Problem to work on
Once the line containing "In contrast is" appears, output it and each remaining line of the records below exactly, with no pictures and nothing more.

Supplied material section start

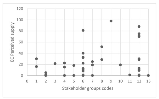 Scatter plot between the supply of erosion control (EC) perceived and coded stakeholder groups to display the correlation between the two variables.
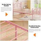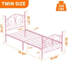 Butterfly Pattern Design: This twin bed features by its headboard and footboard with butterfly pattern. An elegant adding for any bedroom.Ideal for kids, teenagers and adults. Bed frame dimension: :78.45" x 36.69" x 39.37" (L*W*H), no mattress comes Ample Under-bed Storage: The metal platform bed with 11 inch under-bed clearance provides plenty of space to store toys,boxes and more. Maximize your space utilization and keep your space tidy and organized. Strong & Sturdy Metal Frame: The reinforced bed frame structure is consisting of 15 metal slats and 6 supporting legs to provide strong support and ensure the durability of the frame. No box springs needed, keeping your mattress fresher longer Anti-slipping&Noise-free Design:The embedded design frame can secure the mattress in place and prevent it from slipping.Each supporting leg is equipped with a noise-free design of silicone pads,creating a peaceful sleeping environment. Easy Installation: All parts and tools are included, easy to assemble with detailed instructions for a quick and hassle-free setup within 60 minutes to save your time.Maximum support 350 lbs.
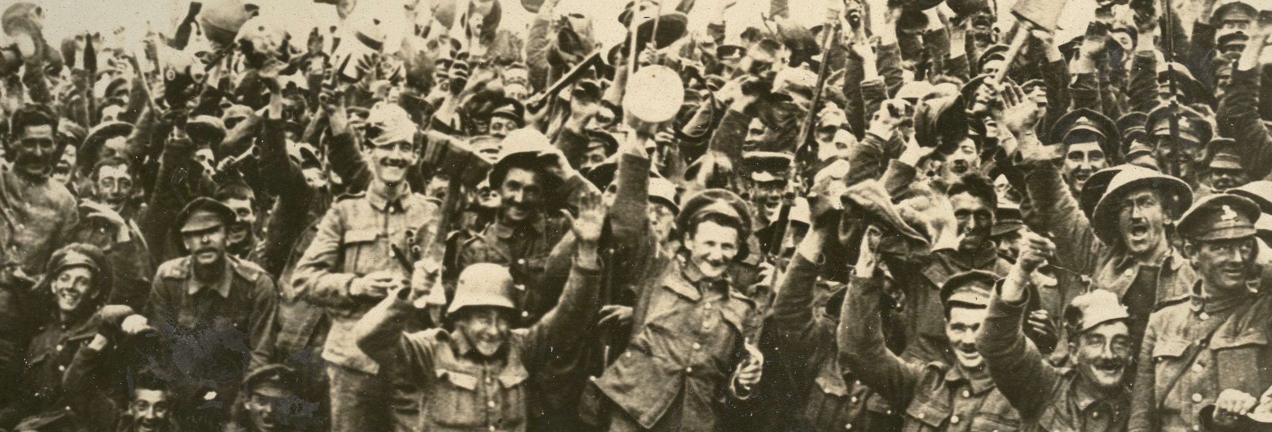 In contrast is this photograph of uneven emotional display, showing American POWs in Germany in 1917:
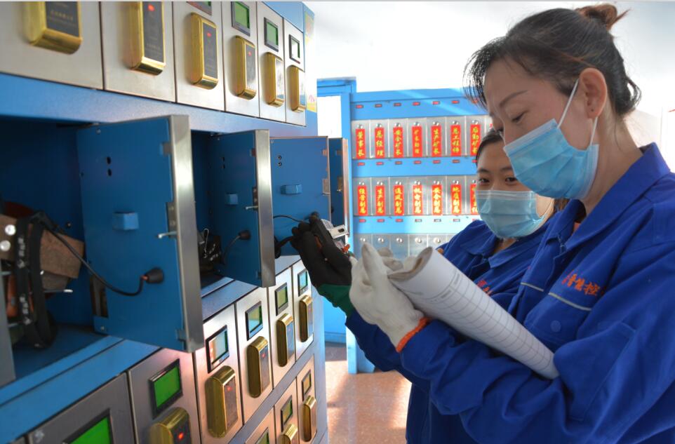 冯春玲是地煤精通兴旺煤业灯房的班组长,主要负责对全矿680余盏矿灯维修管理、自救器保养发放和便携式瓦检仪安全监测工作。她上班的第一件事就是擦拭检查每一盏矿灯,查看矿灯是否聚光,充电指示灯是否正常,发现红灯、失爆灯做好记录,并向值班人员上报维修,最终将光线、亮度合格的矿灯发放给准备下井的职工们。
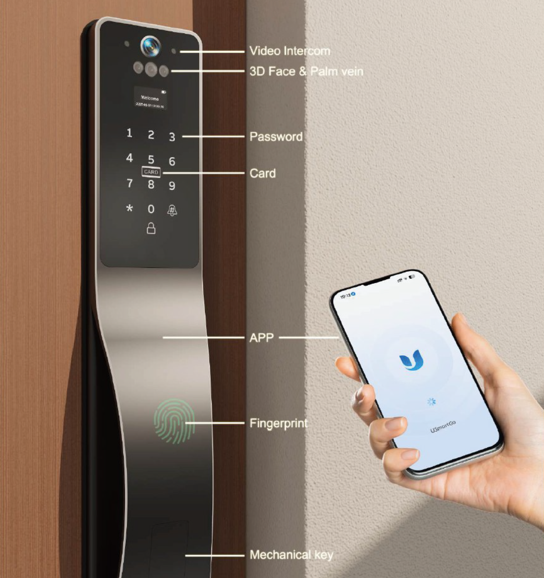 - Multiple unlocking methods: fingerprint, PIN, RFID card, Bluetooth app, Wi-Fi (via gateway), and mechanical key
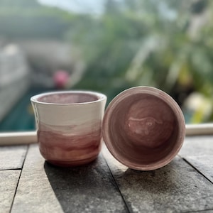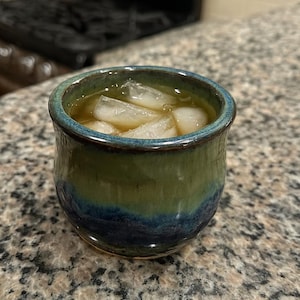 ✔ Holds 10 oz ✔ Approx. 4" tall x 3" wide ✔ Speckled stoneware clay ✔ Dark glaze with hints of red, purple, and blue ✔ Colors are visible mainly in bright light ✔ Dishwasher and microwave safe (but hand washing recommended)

Supplied material section end

Written answer
 In contrast is this photograph of uneven emotional display, showing American POWs in Germany in 1917:
 冯春玲是地煤精通兴旺煤业灯房的班组长,主要负责对全矿680余盏矿灯维修管理、自救器保养发放和便携式瓦检仪安全监测工作。她上班的第一件事就是擦拭检查每一盏矿灯,查看矿灯是否聚光,充电指示灯是否正常,发现红灯、失爆灯做好记录,并向值班人员上报维修,最终将光线、亮度合格的矿灯发放给准备下井的职工们。
 - Multiple unlocking methods: fingerprint, PIN, RFID card, Bluetooth app, Wi-Fi (via gateway), and mechanical key
 ✔ Holds 10 oz ✔ Approx. 4" tall x 3" wide ✔ Speckled stoneware clay ✔ Dark glaze with hints of red, purple, and blue ✔ Colors are visible mainly in bright light ✔ Dishwasher and microwave safe (but hand washing recommended)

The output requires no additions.